Senior took his empty glass to the bar.
“No one figured this out quickly. By the time anyone knew where SLP came from. It was. Hell. And what do you do? Tell people to stop eating corn? Tell them, ‘We know it’s all you have, all you can afford, and we know we can’t afford to distribute alternatives to you, so just be quiet and starve, will you?’ I saw a projection, one of these think tank types, a projection based on what would happen if someone could just kill off all the corn, spray it, something; this man’s projection combined an assumed zero yield in corn with the impact of drought on rice and ended up with mass cannibalism in less than a decade. Socially accepted cannibalism.”
He set his snifter on the bar.
“There’s no one to tell. There’s no one to save. There’s no going back. A lot of people, most of us, are going to die. It’s going to take some years, but that’s the endgame. Society, what’s out that front door, it’s going to keep breaking down smaller and smaller. People are going to get more and more afraid. They’re going to rely on what they know, what they can count on. It’s too big already, too big to stop. People, people who know, people like me, we’re just trying to tap the brakes, slow everything down, keep it as normal as possible, keep people as comfortable as possible. As long as possible.”
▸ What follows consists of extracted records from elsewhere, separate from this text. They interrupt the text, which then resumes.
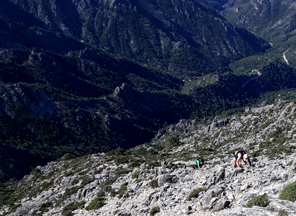 | Dimanche 5 juillet 2020, 7h, ascension du Pic del Lucero (1779 m) au départ du hameau de El Acebuchal (490 m), sur les hauteurs du village blanc de Frigiliana |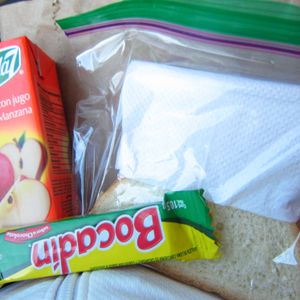 サンドイッチ、果物、お菓子、ジュースのランチパックを渡されます。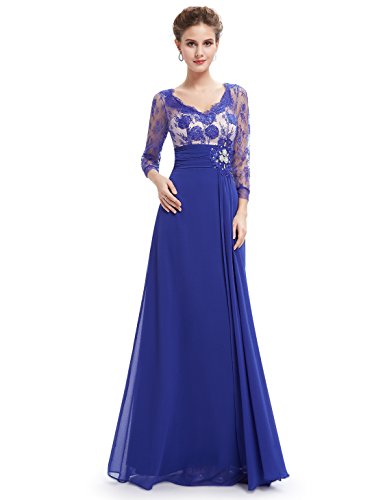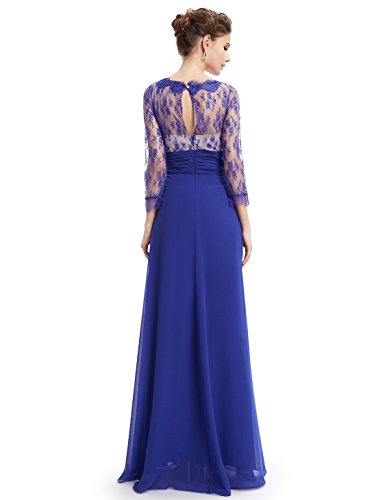 This gorgeous evening dress features a flattering V-neck design with a 3/4 sleeve sheer eyelash lace design. This stunning design cinches in the waist with a rhinestone applique and has a concealed back zipper. Dress is fully lined with no stretch. The beautiful blue dress is perfect for any of fall or winter formal occasionsFeature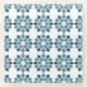 Keep your tables safe from water rings with this stylish and modern blue floral geometric pattern coaster set. The design features a symmetrical, mandala-style flower mosaic in various shades of navy and cobalt. Perfect for adding a pop of color and an elegant, vintage, or Bohemian feel to any home decor.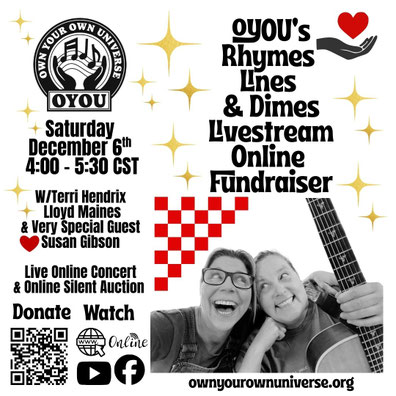 Terri Hendrix's nonprofit charity, Own Your Own Universe (OYOU), is proud to participate in #GivingTuesday on December 2. Your donation will help us gain traction for our 2026 programming! The OYOU provides accessible and affordable music, writing, and creative arts programs for people of all ages and abilities. Join us on this global day of generosity and help us transform lives through creativity, connection, and community.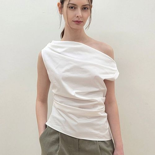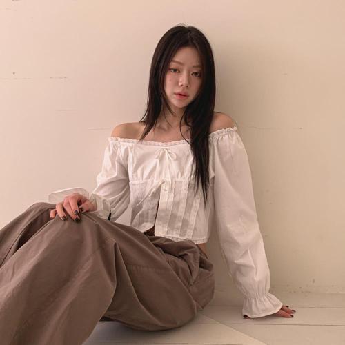 [옷자락]여성 봄여름 코튼 오프숄더 크롭 블라우스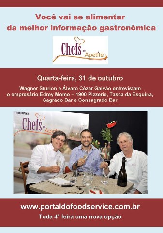 Como já dito antes, o nosso programa(leia-se Wagner Sturion, Ciro Benatti e eu) desta quarta-feira, 31de Outubro, estará disponível amanhã dentro do Portal do Food Service <http://www.portaldofoodservice.com.br/>

He took the stopper from the bottle of cognac, then put it back.
“The slower it happens, the better the chance it won’t all just crash and burn. The less people know, the lower the chance they’ll go crazy all at once and just tear everything down. And the projections on that scenario, you don’t want to know about those. If the statistics I’ve seen are half-right, there’s still a better than even chance that someone somewhere will set off a nuke before this all shakes out. And then all the models break down. No one can say who might start pushing buttons.”
He faced Park, the forgotten thread still around his finger.
“People in despair, Haas, they don’t curl up and die. They are foolish and dangerous. We’ve lost the fight against SLP It had won before we knew what it was. Now we’re fighting despair. Trying to convince people there’s a reason to watch TV, go to work, clean up after the dog, pay the bills, obey traffic laws, not go next door and kill your neighbor’s kid for playing his guitar too loud in the garage.”
He noticed the thread and began to unwind it.
“Just let them believe for a little longer that there is hope and a reason to live.”
He dangled the thread from between his fingers.
“Because some people will live. There’s an immunity. Something to do with alterations in the prion gene. Whether you’re heterozygotic plays into it. Some people are going to live.”
He pinched the ends of the thread and stretched it between his hands.
“And we have to make sure there’s something left for them.”
The thread broke.
Park finished taking the step he had started moments before.
“I’m going to arrest your son.”
Senior dropped the pieces of string.
“Haas. No. What is going to happen is my people, those former Mossad and Shabak agents that work for me, they are going to escort you from the property. At the Bel Air gates you will be photographed by the Thousand Storks contractors that handle security up here. Then you will be driven to your car. And you will go home. And you will never come back here again, or come near my son, or you will be killed. Now, I don’t expect you’ll accept anything from me. Not as a bribe, I mean, but in the way of help. Nonetheless, I would like to help you and your family. All you have to do is ask, but you must ask now.”